Repeat, word for word, each of the records shown below, without their pictures.

##### Information given

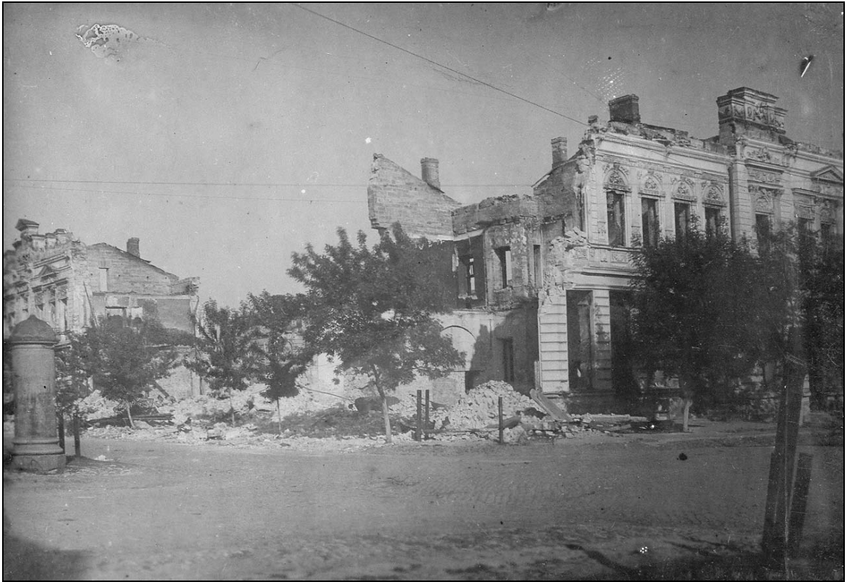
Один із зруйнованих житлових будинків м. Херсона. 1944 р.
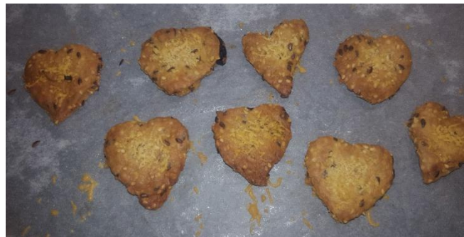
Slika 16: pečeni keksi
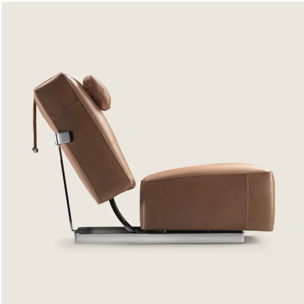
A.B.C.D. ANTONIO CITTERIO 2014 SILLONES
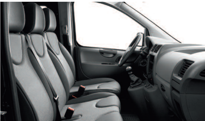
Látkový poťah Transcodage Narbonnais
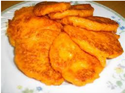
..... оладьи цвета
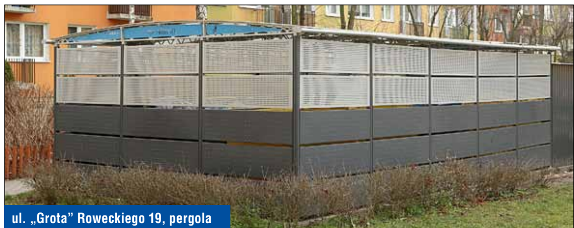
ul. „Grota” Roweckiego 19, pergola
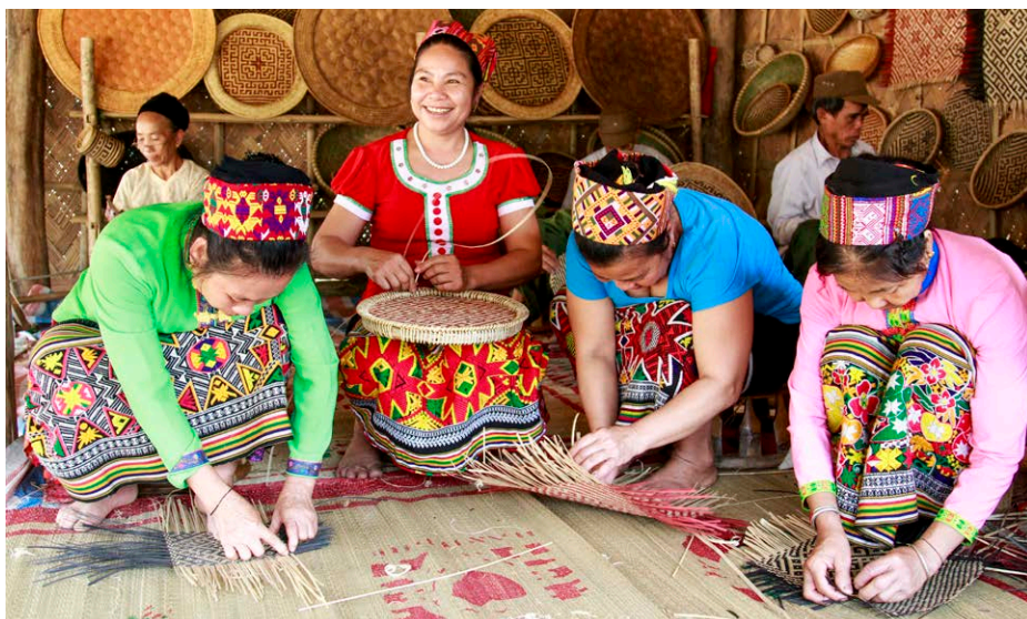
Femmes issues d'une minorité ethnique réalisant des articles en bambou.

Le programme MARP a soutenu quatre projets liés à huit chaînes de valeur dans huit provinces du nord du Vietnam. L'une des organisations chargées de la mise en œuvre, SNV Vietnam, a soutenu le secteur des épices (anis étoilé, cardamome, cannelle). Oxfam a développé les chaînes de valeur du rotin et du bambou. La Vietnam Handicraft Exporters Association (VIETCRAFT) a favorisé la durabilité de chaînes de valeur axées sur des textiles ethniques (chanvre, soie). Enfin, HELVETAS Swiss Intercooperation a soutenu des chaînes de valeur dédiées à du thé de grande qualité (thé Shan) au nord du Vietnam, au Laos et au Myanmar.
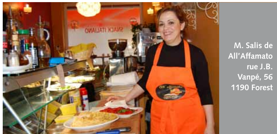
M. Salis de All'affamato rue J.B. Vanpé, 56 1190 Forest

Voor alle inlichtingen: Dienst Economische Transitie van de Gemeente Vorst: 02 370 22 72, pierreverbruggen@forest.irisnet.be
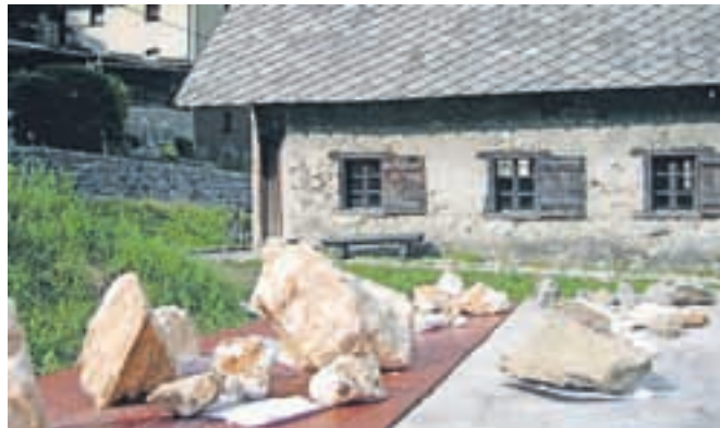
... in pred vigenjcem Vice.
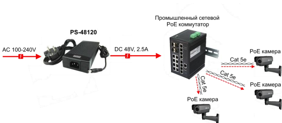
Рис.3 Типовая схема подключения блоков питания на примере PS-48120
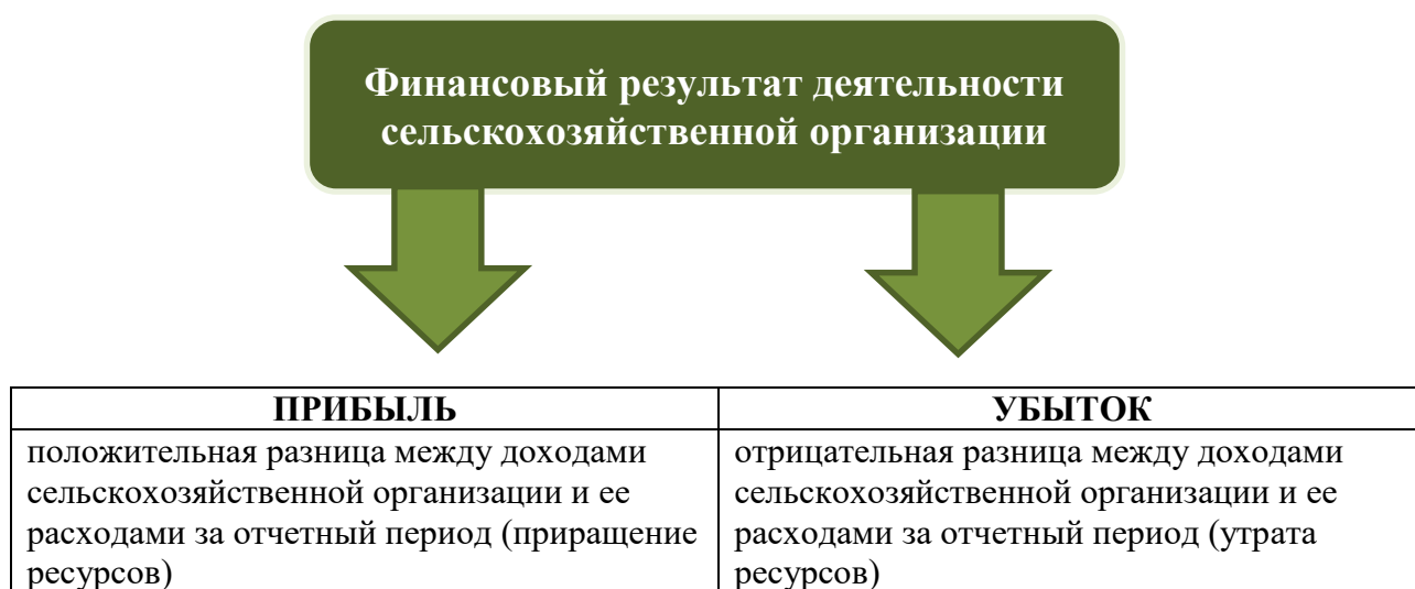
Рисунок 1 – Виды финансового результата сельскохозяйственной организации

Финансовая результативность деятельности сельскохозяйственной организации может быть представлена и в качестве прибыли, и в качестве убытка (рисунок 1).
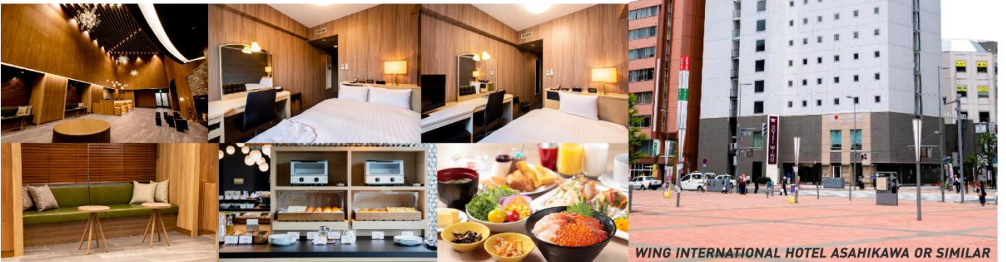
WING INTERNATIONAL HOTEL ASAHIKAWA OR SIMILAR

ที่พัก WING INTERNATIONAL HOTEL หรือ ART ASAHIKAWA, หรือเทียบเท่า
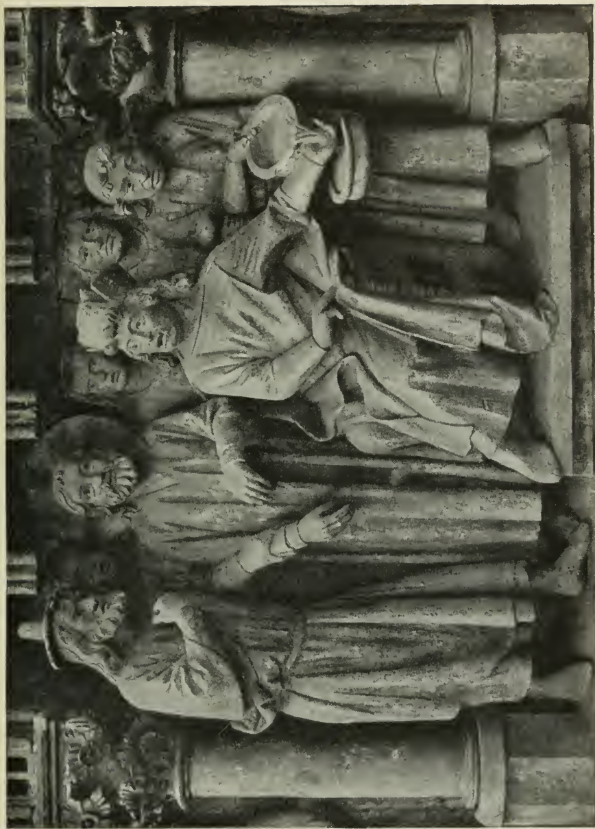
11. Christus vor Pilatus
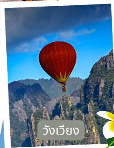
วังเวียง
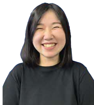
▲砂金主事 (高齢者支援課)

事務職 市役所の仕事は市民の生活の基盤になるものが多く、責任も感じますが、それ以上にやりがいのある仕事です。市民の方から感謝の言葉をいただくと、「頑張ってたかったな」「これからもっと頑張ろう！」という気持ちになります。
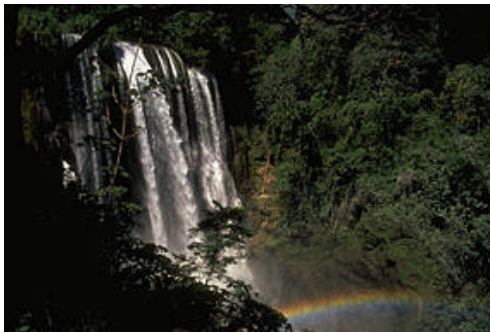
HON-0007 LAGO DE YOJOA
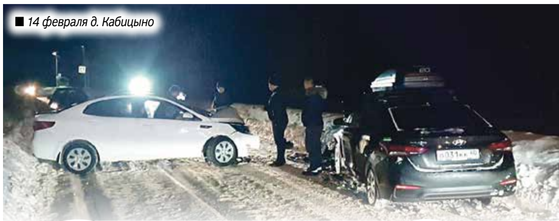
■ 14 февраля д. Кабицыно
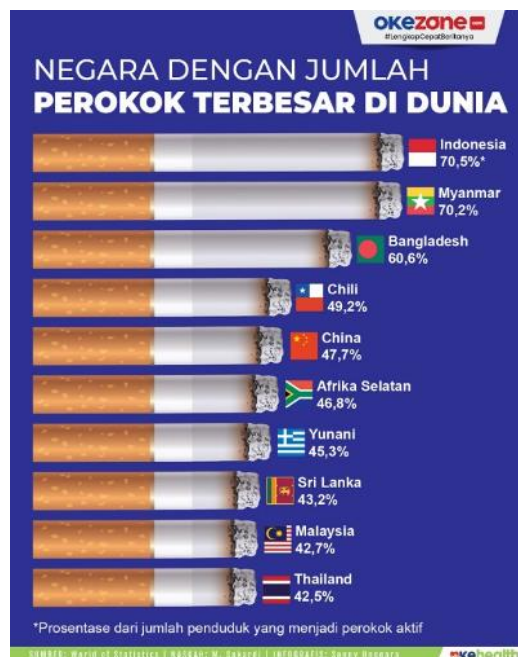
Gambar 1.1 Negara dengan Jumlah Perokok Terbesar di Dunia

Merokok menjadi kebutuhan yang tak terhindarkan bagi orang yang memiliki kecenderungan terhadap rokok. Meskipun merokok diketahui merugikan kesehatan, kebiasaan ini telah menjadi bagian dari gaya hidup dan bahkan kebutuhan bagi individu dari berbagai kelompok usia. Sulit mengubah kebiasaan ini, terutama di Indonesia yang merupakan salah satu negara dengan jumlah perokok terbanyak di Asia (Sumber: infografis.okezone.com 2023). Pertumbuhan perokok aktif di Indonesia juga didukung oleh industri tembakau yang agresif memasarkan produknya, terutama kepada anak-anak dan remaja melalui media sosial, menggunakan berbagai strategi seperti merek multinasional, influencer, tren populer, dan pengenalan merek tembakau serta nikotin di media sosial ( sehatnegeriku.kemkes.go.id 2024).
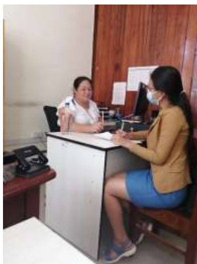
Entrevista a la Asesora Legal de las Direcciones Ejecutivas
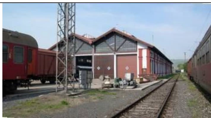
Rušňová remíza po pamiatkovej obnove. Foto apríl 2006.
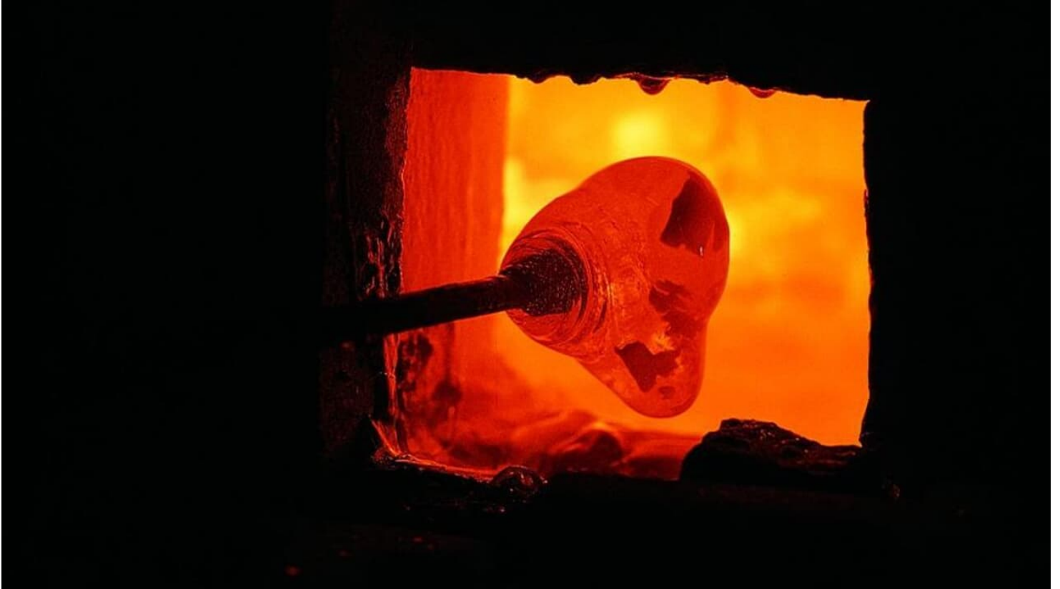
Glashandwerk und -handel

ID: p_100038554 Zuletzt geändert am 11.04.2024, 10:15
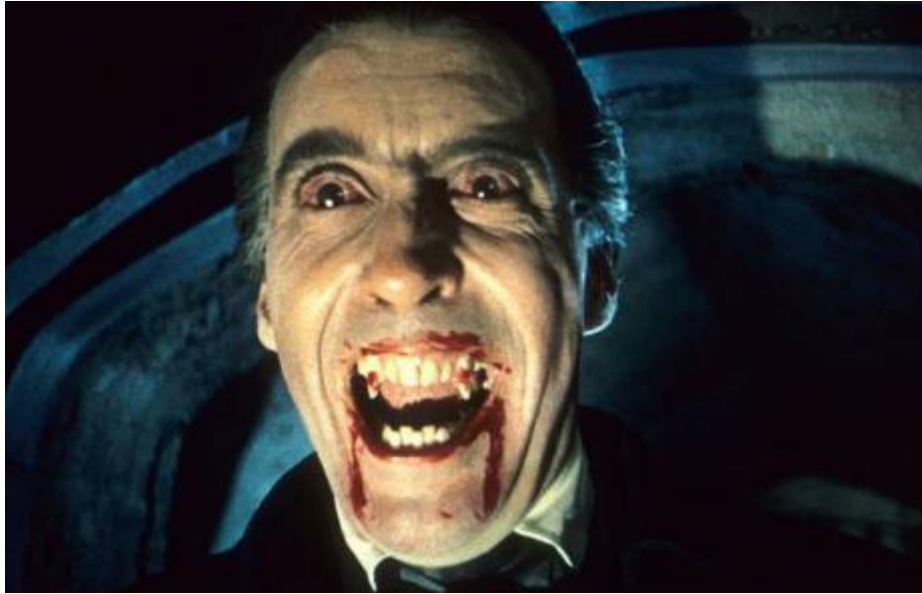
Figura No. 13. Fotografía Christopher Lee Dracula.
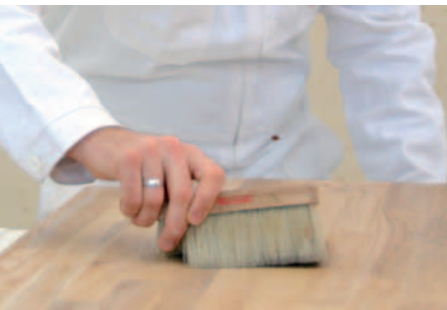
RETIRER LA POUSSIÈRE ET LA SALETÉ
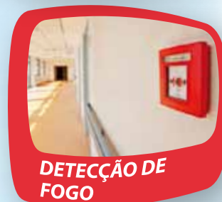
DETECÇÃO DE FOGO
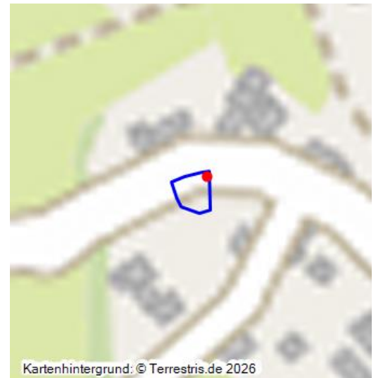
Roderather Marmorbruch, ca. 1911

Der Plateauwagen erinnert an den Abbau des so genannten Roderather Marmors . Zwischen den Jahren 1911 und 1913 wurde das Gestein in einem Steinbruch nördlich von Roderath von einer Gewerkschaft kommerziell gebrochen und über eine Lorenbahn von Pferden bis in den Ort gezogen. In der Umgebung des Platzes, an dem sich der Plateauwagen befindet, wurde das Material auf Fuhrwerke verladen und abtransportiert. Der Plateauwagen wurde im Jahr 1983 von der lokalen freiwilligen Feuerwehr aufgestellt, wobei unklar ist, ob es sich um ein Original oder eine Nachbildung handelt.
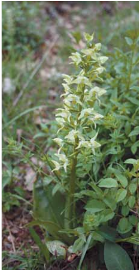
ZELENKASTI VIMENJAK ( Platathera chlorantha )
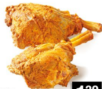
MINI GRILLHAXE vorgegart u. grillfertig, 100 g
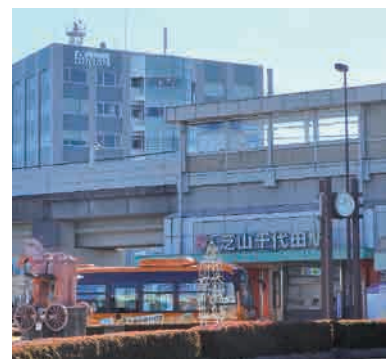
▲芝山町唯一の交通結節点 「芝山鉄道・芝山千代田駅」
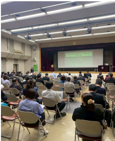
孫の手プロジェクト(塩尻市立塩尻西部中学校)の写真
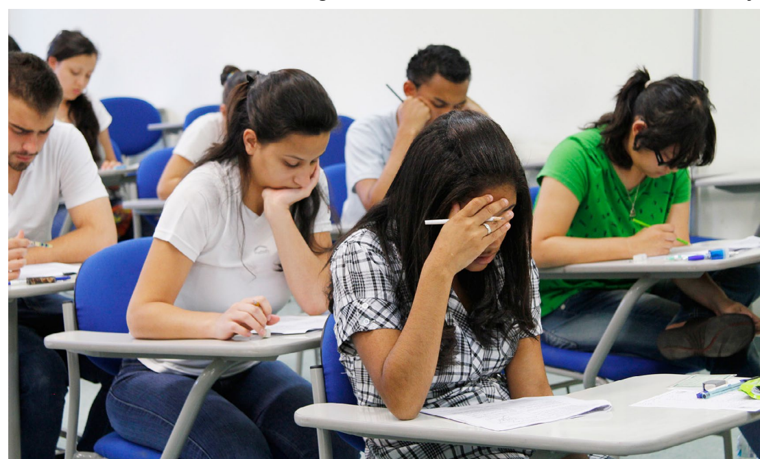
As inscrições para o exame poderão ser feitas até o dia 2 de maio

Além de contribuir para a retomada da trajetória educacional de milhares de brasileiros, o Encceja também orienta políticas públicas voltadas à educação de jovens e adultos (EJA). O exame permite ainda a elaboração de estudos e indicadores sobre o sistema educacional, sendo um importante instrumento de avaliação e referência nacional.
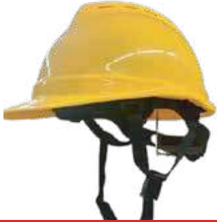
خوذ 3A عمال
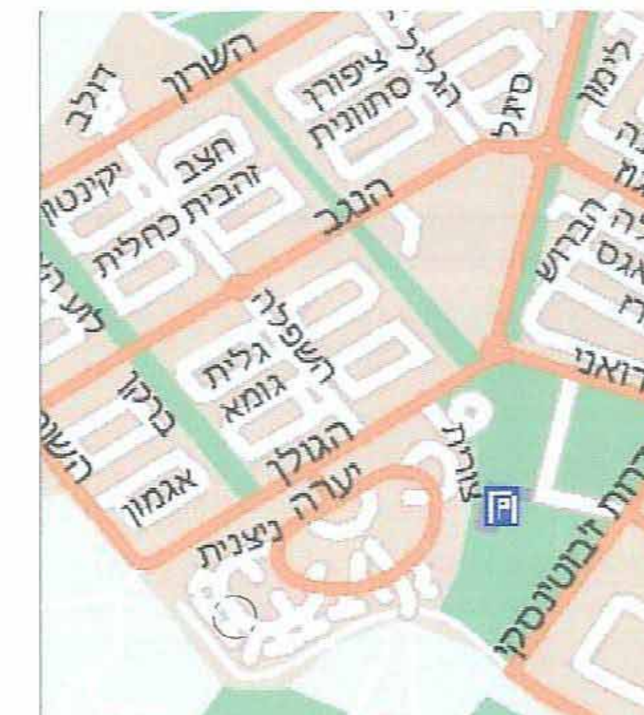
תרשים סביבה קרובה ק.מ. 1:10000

##########

Solution to this problem ::
Один із зруйнованих житлових будинків м. Херсона. 1944 р.
Slika 16: pečeni keksi
A.B.C.D. ANTONIO CITTERIO 2014 SILLONES
Látkový poťah Transcodage Narbonnais
..... оладьи цвета
ul. „Grota” Roweckiego 19, pergola
Femmes issues d'une minorité ethnique réalisant des articles en bambou.

Le programme MARP a soutenu quatre projets liés à huit chaînes de valeur dans huit provinces du nord du Vietnam. L'une des organisations chargées de la mise en œuvre, SNV Vietnam, a soutenu le secteur des épices (anis étoilé, cardamome, cannelle). Oxfam a développé les chaînes de valeur du rotin et du bambou. La Vietnam Handicraft Exporters Association (VIETCRAFT) a favorisé la durabilité de chaînes de valeur axées sur des textiles ethniques (chanvre, soie). Enfin, HELVETAS Swiss Intercooperation a soutenu des chaînes de valeur dédiées à du thé de grande qualité (thé Shan) au nord du Vietnam, au Laos et au Myanmar.
M. Salis de All'affamato rue J.B. Vanpé, 56 1190 Forest

Voor alle inlichtingen: Dienst Economische Transitie van de Gemeente Vorst: 02 370 22 72, pierreverbruggen@forest.irisnet.be
... in pred vigenjcem Vice.
Рис.3 Типовая схема подключения блоков питания на примере PS-48120
Рисунок 1 – Виды финансового результата сельскохозяйственной организации

Финансовая результативность деятельности сельскохозяйственной организации может быть представлена и в качестве прибыли, и в качестве убытка (рисунок 1).
WING INTERNATIONAL HOTEL ASAHIKAWA OR SIMILAR

ที่พัก WING INTERNATIONAL HOTEL หรือ ART ASAHIKAWA, หรือเทียบเท่า
11. Christus vor Pilatus
วังเวียง
▲砂金主事 (高齢者支援課)

事務職 市役所の仕事は市民の生活の基盤になるものが多く、責任も感じますが、それ以上にやりがいのある仕事です。市民の方から感謝の言葉をいただくと、「頑張ってたかったな」「これからもっと頑張ろう！」という気持ちになります。
HON-0007 LAGO DE YOJOA
■ 14 февраля д. Кабицыно
Gambar 1.1 Negara dengan Jumlah Perokok Terbesar di Dunia

Merokok menjadi kebutuhan yang tak terhindarkan bagi orang yang memiliki kecenderungan terhadap rokok. Meskipun merokok diketahui merugikan kesehatan, kebiasaan ini telah menjadi bagian dari gaya hidup dan bahkan kebutuhan bagi individu dari berbagai kelompok usia. Sulit mengubah kebiasaan ini, terutama di Indonesia yang merupakan salah satu negara dengan jumlah perokok terbanyak di Asia (Sumber: infografis.okezone.com 2023). Pertumbuhan perokok aktif di Indonesia juga didukung oleh industri tembakau yang agresif memasarkan produknya, terutama kepada anak-anak dan remaja melalui media sosial, menggunakan berbagai strategi seperti merek multinasional, influencer, tren populer, dan pengenalan merek tembakau serta nikotin di media sosial ( sehatnegeriku.kemkes.go.id 2024).
Entrevista a la Asesora Legal de las Direcciones Ejecutivas
Rušňová remíza po pamiatkovej obnove. Foto apríl 2006.
Glashandwerk und -handel

ID: p_100038554 Zuletzt geändert am 11.04.2024, 10:15
Figura No. 13. Fotografía Christopher Lee Dracula.
RETIRER LA POUSSIÈRE ET LA SALETÉ
DETECÇÃO DE FOGO
Roderather Marmorbruch, ca. 1911

Der Plateauwagen erinnert an den Abbau des so genannten Roderather Marmors . Zwischen den Jahren 1911 und 1913 wurde das Gestein in einem Steinbruch nördlich von Roderath von einer Gewerkschaft kommerziell gebrochen und über eine Lorenbahn von Pferden bis in den Ort gezogen. In der Umgebung des Platzes, an dem sich der Plateauwagen befindet, wurde das Material auf Fuhrwerke verladen und abtransportiert. Der Plateauwagen wurde im Jahr 1983 von der lokalen freiwilligen Feuerwehr aufgestellt, wobei unklar ist, ob es sich um ein Original oder eine Nachbildung handelt.
ZELENKASTI VIMENJAK ( Platathera chlorantha )
MINI GRILLHAXE vorgegart u. grillfertig, 100 g
▲芝山町唯一の交通結節点 「芝山鉄道・芝山千代田駅」
孫の手プロジェクト(塩尻市立塩尻西部中学校)の写真
As inscrições para o exame poderão ser feitas até o dia 2 de maio

Além de contribuir para a retomada da trajetória educacional de milhares de brasileiros, o Encceja também orienta políticas públicas voltadas à educação de jovens e adultos (EJA). O exame permite ainda a elaboração de estudos e indicadores sobre o sistema educacional, sendo um importante instrumento de avaliação e referência nacional.
خوذ 3A عمال
תרשים סביבה קרובה ק.מ. 1:10000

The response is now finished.